**Data provided:**
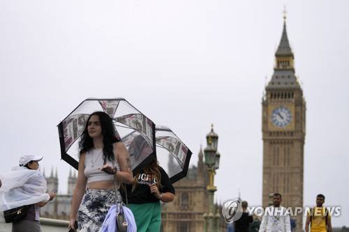 Tourists use umbrellas as light rain started in London, Tuesday, Aug. 16, 2022. The first rain has arrived in London after a long very dry period. The Met Office has issued a yellow thunderstorm warning for England and Wales on Tuesday, with conditions potentially causing more flash flooding as well as transport disruption and power cuts. (AP Photo/Frank Augstein)
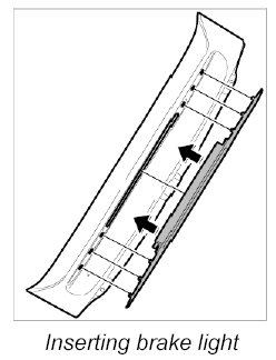 2. Insert brake light into the center of the opening in the rear spoiler and press into place -C-.
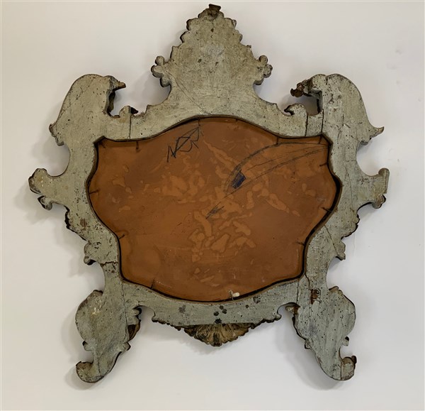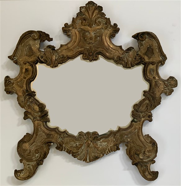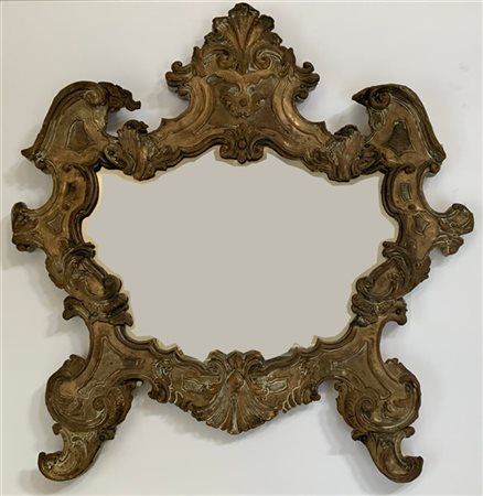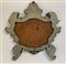 Cartagloria in legno e lamina di rame sbalzato, decorato a foglie e volute.(cm 60x63) (difetti e mancanze)

**Your task:**
Restate the data word for word and exclude every picture.

**Solution for this exercise:**
 Tourists use umbrellas as light rain started in London, Tuesday, Aug. 16, 2022. The first rain has arrived in London after a long very dry period. The Met Office has issued a yellow thunderstorm warning for England and Wales on Tuesday, with conditions potentially causing more flash flooding as well as transport disruption and power cuts. (AP Photo/Frank Augstein)
 2. Insert brake light into the center of the opening in the rear spoiler and press into place -C-.
 Cartagloria in legno e lamina di rame sbalzato, decorato a foglie e volute.(cm 60x63) (difetti e mancanze)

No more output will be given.